Each line of the records needs to be written out exactly, with any image left out.

+++

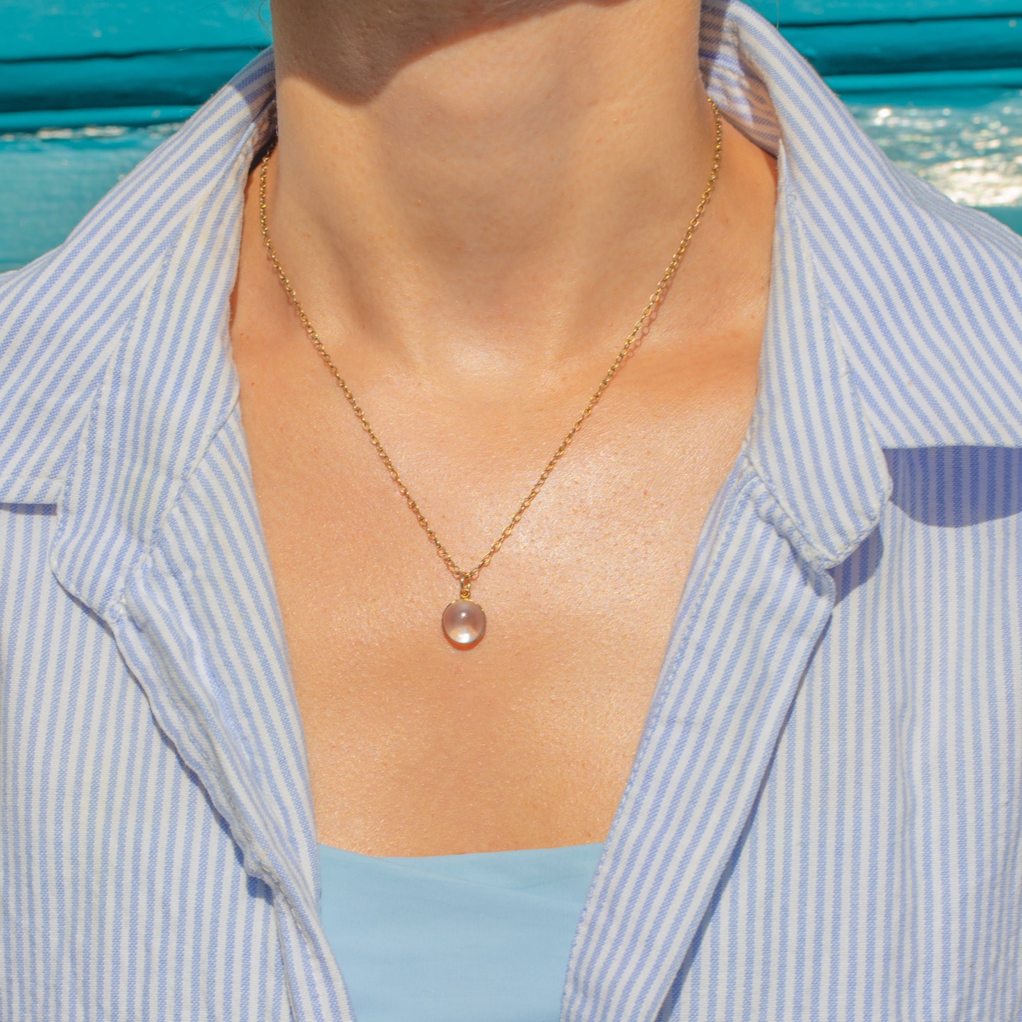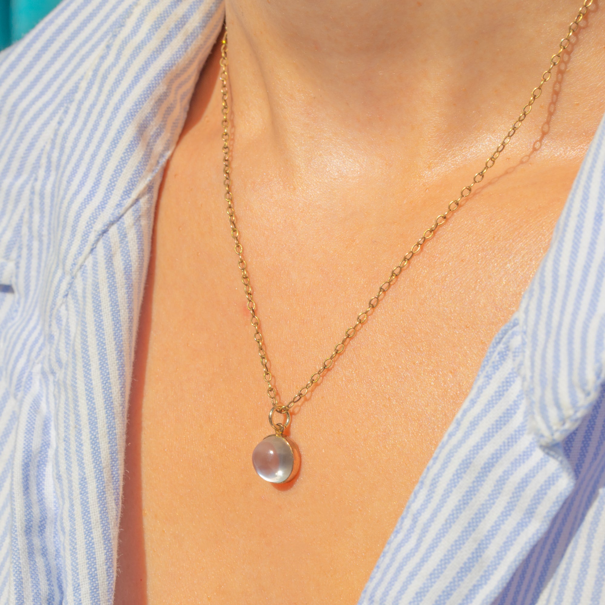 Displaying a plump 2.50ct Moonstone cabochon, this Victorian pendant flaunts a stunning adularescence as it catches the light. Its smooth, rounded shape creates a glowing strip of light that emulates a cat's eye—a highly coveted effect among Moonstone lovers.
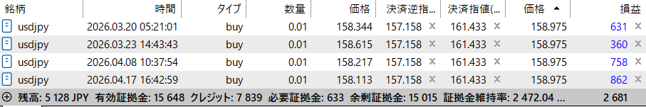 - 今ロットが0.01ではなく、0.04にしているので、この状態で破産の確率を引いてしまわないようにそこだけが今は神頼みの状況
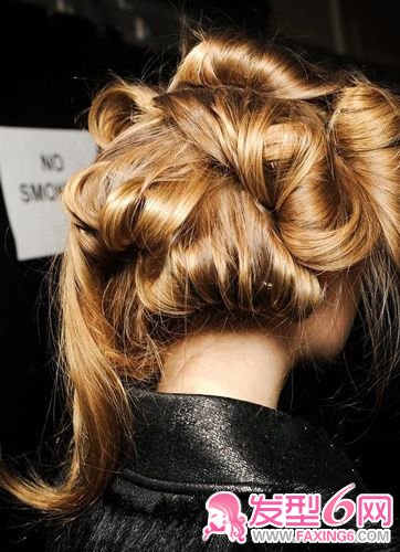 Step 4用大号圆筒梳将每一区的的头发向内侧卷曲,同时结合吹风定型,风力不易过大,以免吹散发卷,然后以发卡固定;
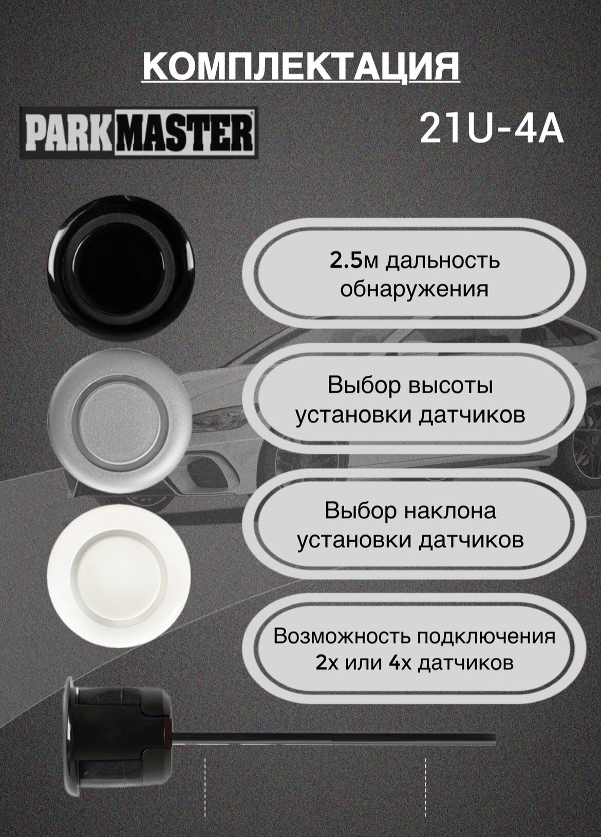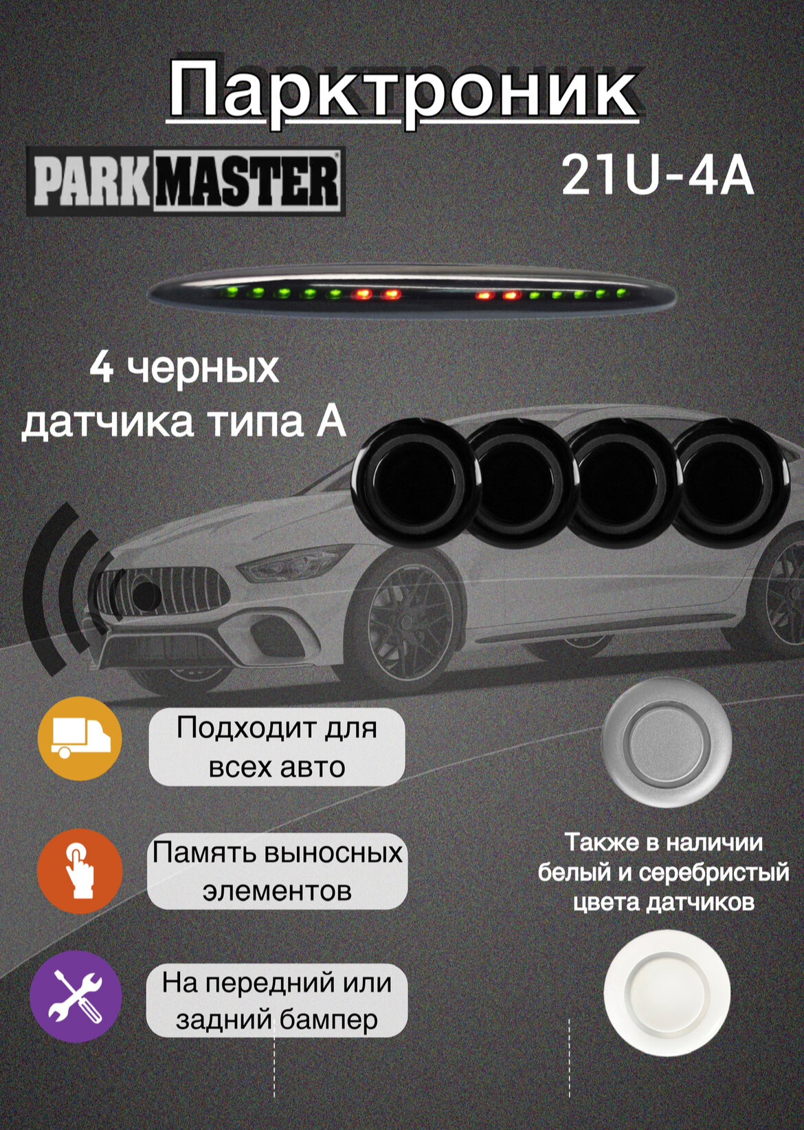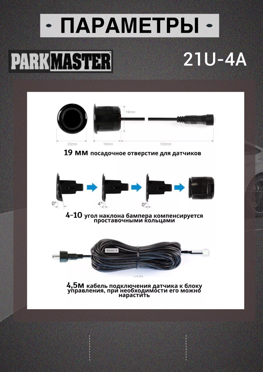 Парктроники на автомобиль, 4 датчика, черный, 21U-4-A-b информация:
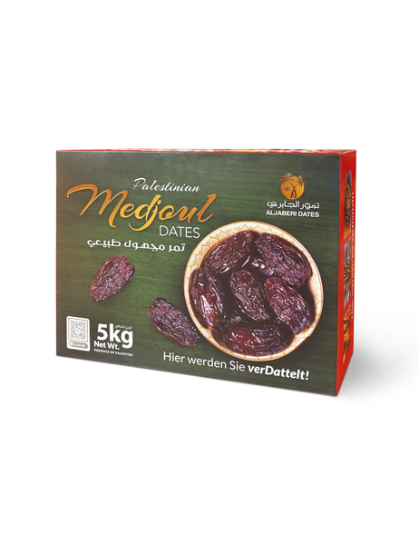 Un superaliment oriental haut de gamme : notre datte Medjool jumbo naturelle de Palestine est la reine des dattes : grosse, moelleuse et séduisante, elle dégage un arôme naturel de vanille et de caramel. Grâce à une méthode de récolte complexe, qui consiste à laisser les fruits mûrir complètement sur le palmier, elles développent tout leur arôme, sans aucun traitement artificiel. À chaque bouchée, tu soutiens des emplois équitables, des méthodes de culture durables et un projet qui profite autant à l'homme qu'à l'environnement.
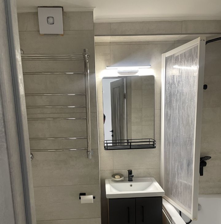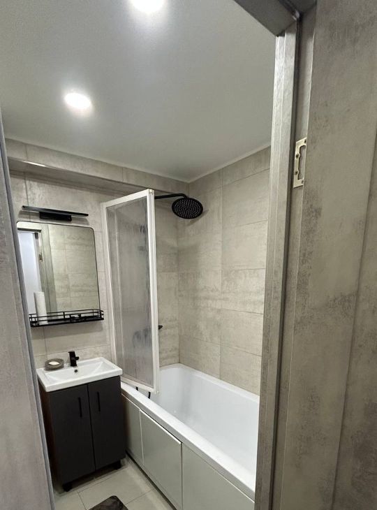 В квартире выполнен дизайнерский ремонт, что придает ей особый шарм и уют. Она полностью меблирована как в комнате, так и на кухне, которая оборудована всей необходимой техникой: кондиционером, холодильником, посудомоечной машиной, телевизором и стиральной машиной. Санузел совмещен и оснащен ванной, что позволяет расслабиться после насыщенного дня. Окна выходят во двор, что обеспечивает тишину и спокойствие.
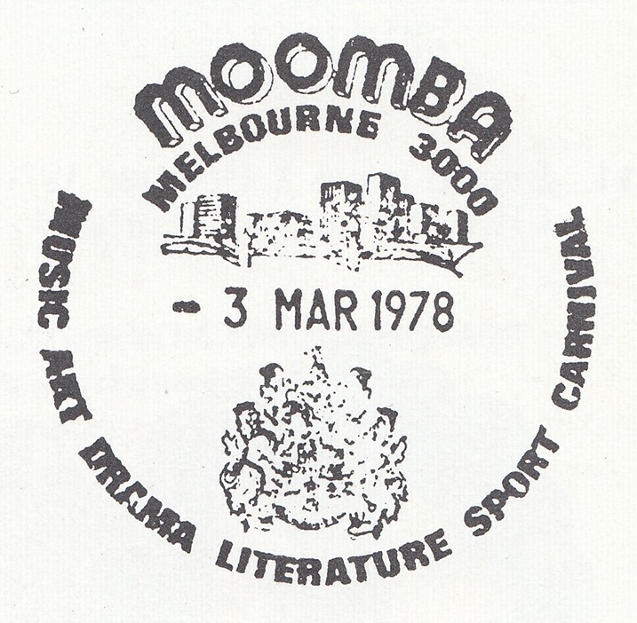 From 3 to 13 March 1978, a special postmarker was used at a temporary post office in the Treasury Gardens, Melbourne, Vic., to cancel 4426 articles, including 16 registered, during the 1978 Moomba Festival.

+++

**Task result:**
 Displaying a plump 2.50ct Moonstone cabochon, this Victorian pendant flaunts a stunning adularescence as it catches the light. Its smooth, rounded shape creates a glowing strip of light that emulates a cat's eye—a highly coveted effect among Moonstone lovers.
 - 今ロットが0.01ではなく、0.04にしているので、この状態で破産の確率を引いてしまわないようにそこだけが今は神頼みの状況
 Step 4用大号圆筒梳将每一区的的头发向内侧卷曲,同时结合吹风定型,风力不易过大,以免吹散发卷,然后以发卡固定;
 Парктроники на автомобиль, 4 датчика, черный, 21U-4-A-b информация:
 Un superaliment oriental haut de gamme : notre datte Medjool jumbo naturelle de Palestine est la reine des dattes : grosse, moelleuse et séduisante, elle dégage un arôme naturel de vanille et de caramel. Grâce à une méthode de récolte complexe, qui consiste à laisser les fruits mûrir complètement sur le palmier, elles développent tout leur arôme, sans aucun traitement artificiel. À chaque bouchée, tu soutiens des emplois équitables, des méthodes de culture durables et un projet qui profite autant à l'homme qu'à l'environnement.
 В квартире выполнен дизайнерский ремонт, что придает ей особый шарм и уют. Она полностью меблирована как в комнате, так и на кухне, которая оборудована всей необходимой техникой: кондиционером, холодильником, посудомоечной машиной, телевизором и стиральной машиной. Санузел совмещен и оснащен ванной, что позволяет расслабиться после насыщенного дня. Окна выходят во двор, что обеспечивает тишину и спокойствие.
 From 3 to 13 March 1978, a special postmarker was used at a temporary post office in the Treasury Gardens, Melbourne, Vic., to cancel 4426 articles, including 16 registered, during the 1978 Moomba Festival.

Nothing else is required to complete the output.